Opened 7 months ago

Last modified 2 days ago

#30368 needs_review task

Run some tests to check reachability of snowflake proxies

Reported by: cohosh Owned by: cohosh
Priority: Medium Milestone:
Component: Circumvention/Snowflake Version:
Severity: Normal Keywords: anti-censorship-roadmap
Cc: dcf, arlolra, cohosh, phw Actual Points:
Parent ID: Points:
Reviewer: phw Sponsor: Sponsor28-can

Description

Our standalone proxies were recently blocked in China: #30350

We should start running some probe tests like we are for obfs4 to see whether this blocking was a one-off event and detect blocking of new proxy instances.

Child Tickets

Attachments (4)

snowflake-reachability-2019-05-06.pdf (7.3 KB) - added by cohosh 7 months ago.
snowflake-reachability-2019-05-09.pdf (9.7 KB) - added by cohosh 7 months ago.
snowflake-reachability-2019-05-27.pdf (20.3 KB) - added by cohosh 7 months ago.
snowflake-reachability-2019-06-13.pdf (37.4 KB) - added by cohosh 6 months ago.

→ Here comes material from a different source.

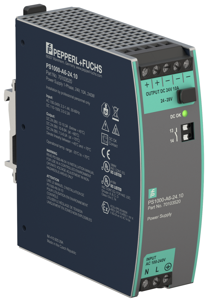 Die Serie PS1000 umfasst Geräte mit ein- und dreiphasiger Stromversorgung. In verschiedenen Ausführungen und Leistungsklassen gewährleisten sie eine zuverlässige Spannungsversorgung mit 12, 24 oder 48VDC bei einer Ausgangsleistung von 5 bis 40A. Außerdem steht ein DC/DC-Modul zur Verfügung, das als Repeater fungieren kann. Die Geräte sind für explosionsgefährdete Bereiche geeignet und verfügen über Zulassungen nach ATEX, IECEx sowie die Marine-Zulassung DNV. Sie sind auch für den nordamerikanischen Markt zertifiziert und können bis Zone 2/Div. 2 eingesetzt werden. Die Produktpalette umfasst außerdem spezifische Module zur Sicherung der Anlagenverfügbarkeit durch redundante Auslegung. Sie sind sowohl in einer n+1- als auch in einer 1+1-Topologie einsetzbar.

Download all attachments as: .zip

Change History (26)

comment:1 Changed 7 months ago by cohosh

Summary: Run some tests to check reachability of snowflake proxies in ChinaRun some tests to check reachability of snowflake proxies

comment:2 Changed 7 months ago by cohosh

Interestingly, the server that runs the standalone proxies is still TCP reachable from the VPS in China. I can telnet into ports 22, 80, and 443.

For these tests I think we'll have to go the full bootstrapping route and send actual STUN traffic to the proxies.

comment:3 Changed 7 months ago by cohosh

Here's a branch that does probing of snowflake proxies: https://github.com/cohosh/bridgetest/tree/snowflake

Some notes:

  • we make 10 tries to connect through snowflake per probe period. This is to ensure we get a reasonable selection of the available proxies. There's no guarantee we'll get all of them but this seems like a good number of tries for now
  • I cut the Tor connection timeout down to 90 seconds from 180. This is because once one proxy hits the 30 second timeout (as described in #25429), it will attempt to find another snowflake. However, we only want to measure the bootstrap progress for one snowflake at a time. On the other hand, this means that in cases where the proxy is reachable, we sometimes only see a bootstrap up to 25% or 50% because we didn't give it enough time to complete.
  • Snowflake doesn't log the IP address of the snowflake proxies it connects to (since #21304) so we have to do a tcpdump and then analysis to see which proxy we actually got.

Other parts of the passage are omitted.